Back to skills
extension
Category: Development & EngineeringNo API key required

pentest-web-application-logic-mapper

Security assessment skill for mapping application business logic, state machines, and hidden API surfaces. Use when prompts include spider, crawl, state machine, hidden surface, workflow mapping, or hidden API discovery. Do not use for exploit development or final reporting only.

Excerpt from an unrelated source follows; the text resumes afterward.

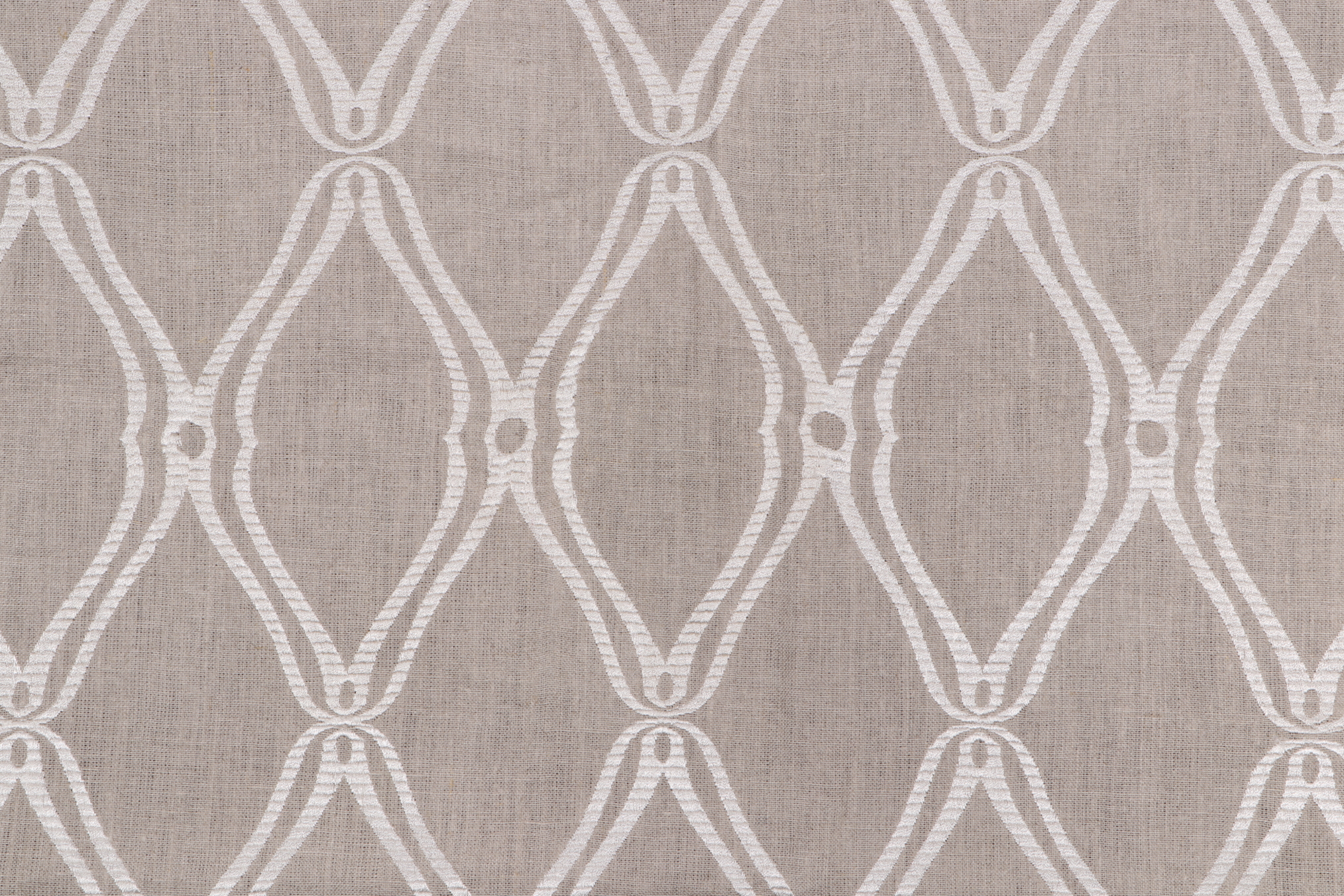 Available now: 3.25 yards of Frankfurt, a premium embroidered linen drapery fabric by Thibaut. This fabric is suitable for short curtains, decorative tiebacks, or smaller window treatments. Note: If you are unsure about the suitability of this fabric for your specific use case please contact us prior to ordering.

personAuthor: jakexiaohubgithub

Web Application Logic Mapper

Purpose

Map application workflows, state machines, and hidden surfaces so downstream validation starts from concrete routes, actions, and trust boundaries.

Use When

  • The owner phase is spidering, crawling, hidden route discovery, state-machine mapping, workflow modeling, or route-to-action relationship mapping.
  • Recon has found a live application surface but not enough workflow context for focused validation.

Scope

  • Complex multi-step workflows (checkout, registration, approval processes).
  • State-dependent actions (e.g., "Draft" -> "Pending" -> "Published").
  • Hidden or undocumented API endpoints and parameters.

Inputs

  • Spider/Crawl Data: List of discovered URLs and forms.
  • API Documentation: Swagger/OpenAPI specs, WSDLs (if available).
  • User Manuals/Help Docs: Descriptions of intended workflows.

Output

  • State Machine Diagram: Visualization of valid states and transitions.
  • Logic Flaw Report: Identification of invalid state transitions or skipped steps.
  • Hidden Surface Map: List of unlinked but accessible endpoints.

Success Metrics

  • Workflow Bypass: Skipping a mandatory step (e.g., payment) to complete a process.
  • State Manipulation: Forcing an object into an invalid or advantageous state (e.g., reopening a closed ticket).
  • Hidden Feature Discovery: Accessing beta, debug, or legacy features not intended for public use.

Workflow

  1. Establish identity context, session state, and scope boundaries.
  2. Map navigable routes, hidden routes, forms, APIs, and client-side calls.
  3. Link actions to objects, roles, states, and side effects.
  4. Identify trust boundaries and privileged transitions before testing abuse.
  5. Mark confirmed routes, hypotheses, rejected paths, and unknowns separately.
  6. Hand off precise targets to validation skills.

Verification Gate

  • Confirm hidden surfaces with direct, low-impact requests before treating them as reachable.
  • Use workflow controls before reporting skipped-step or invalid-transition claims.
  • Treat crawler output as a lead until manually or programmatically verified.

Common Attack Vectors and Primitives

  • Race Conditions: Sending concurrent requests to exploit timing windows (e.g., using a coupon twice).
  • Business Logic Errors: Exploiting flaws in the implementation of business rules (e.g., negative quantity in cart).
  • Forced Browsing: Accessing URLs directly without navigating through the UI.
  • Mass Assignment: Modifying internal object properties (e.g., isAdmin, balance) by including them in the request body.

Controls to Test Against

  • State Validation: Verify that the server enforces valid state transitions.
  • Transactional Integrity: Ensure critical operations are atomic and consistent.
  • Rate Limiting: Check for limits on sensitive actions to prevent brute-force or abuse.

Handoff Criteria

  • Hand off to pentest-business-logic-abuse when invalid transitions, race windows, replay, or quota abuse become the owner phase.
  • Hand off to pentest-advanced-access-control-auditor or pentest-authentication-authorization-review when route access depends on roles, ownership, sessions, or tenants.
  • Hand off to pentest-input-protocol-manipulation or pentest-xss when parser behavior or browser sinks are the main blocker.